Today Coral Products is a manufacturer and distributor of plastic products supplied into a diverse range of sectors. As a group of seven companies, it has extensive capabilities within profile, tube and sheet extrusion, injection moulding, vacuum forming, butt fusion, mirror welding, fabrication, and assembly. 

The seven subsidiaries

Tatra Rotalac is a leading plastic extrusions manufacturer providing custom extrusions, PVC profiles and injection mouldings for the building, telecoms, aerospace and rail sectors.

Global One Pak is a leading provider of own designed lotion pumps, closures and trigger sprayers, supplier to many well-known brands like Tesco, Asda-Walmart, M&S, and WD40.

Customised Packaging specialises in the manufacturing of plastic products using thermoforming and sheet extrusion technology.

Film & Foil Solutions is one of the UK’s largest converters and stockists of flexible film packaging films, print lamination films and speciality plastics, paper and aluminium foils.

Alma Products specialises in extrusion, thermoforming and container printing.

Manplas provides a custom manufacturing service for the production of vacuum-formed components and sheet plastic parts. 

Ecodeck recycles 10,000 tonnes of waste plastic per annum into sustainable and environmentally eco-friendlygarden and landscape construction products.

Ready to attract institutional investors

With some 97.6m shares in issue, Executive Chairman Jo Grimmond holds 7.66% of the equity, while other directors hold 6.78%.

Professional investors include Lombard International Assurance (5.71%), Diverse Income Trust (2.90%), Peter Gyllenhammar AB (2.80%), and Rights & Issues Investment Trust (2.38%).

Two private investors have notable holdings – John Wright (5.84%) and Ian Hillman (5.76%).

As this group builds up, I would expect it to become more attractive to smaller company fund managers.

The interims

The half-time results reported that the group’s sales had risen 147.9% to £17.6m, while its reported pre-tax profits put on 75.3% to £894,000. Its underlying EBITDA was 85.5% better at £1.88m, with underlying earnings put on 44.4% to 1.17p per share.
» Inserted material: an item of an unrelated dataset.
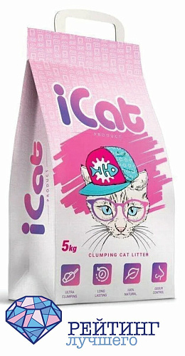 В стильную картонную упаковку с ручкой для удобной переноски помещен наполнитель для кошачьего туалета iCat комкующийся без запаха. В пачке находится пять килограммов средства. После попадания влаги на частицы, они слипаются в плотный комок, который удобно и просто убрать из лотка. На место утилизированного комка нужно подсыпать новую партию гранул, а не сменять весь поглощающий слой, что продлевает срок использования одной упаковки. Сделанный из стопроцентно натуральной глины наполнитель хорошо поглощает и неприятные запахи, оставляя свежесть в зоне установки туалета. Природное происхождение не вызовет аллергической реакции ни у животного, ни у людей. Частицы размерами один – два миллиметра со скругленными краями не колют лапы. Покупатели оставляют положительные отзывы о товаре. Хвалят его за отсутствие пыли, образование плотных комков, и что кошки не растаскивают его по всему дому.

The interim dividend was unaltered at 0.50p per share.

As part of its capital expenditure programme the group has committed £2.5m for new injection moulding machines, specific tooling and it has reconfigured some 5,000 sq.ft of warehouse space into extra manufacturing capacity.

Group property has been revalued to £3.2m, while net cash at the interim stage was £3.8m, showing an overall strong net asset position.

The group has fixed energy costs until 2025, while margin improvements should be seen in the second half.

Executive Chairman Joe Grimmond stated that: “These excellent results reflect our ongoing investment in future growth. Our objective is to build a specialist UK plastics business of scale, targeting profitable, high-demand sectors. We aim to drive growth both organically and via acquisitions, whilst maintaining our commitment to sustainable objectives……Like all businesses, we are mindful of the challenging economic environment, nevertheless, we believe Coral is in a good position going forward and we have yet to show the full benefit of our investments to date.”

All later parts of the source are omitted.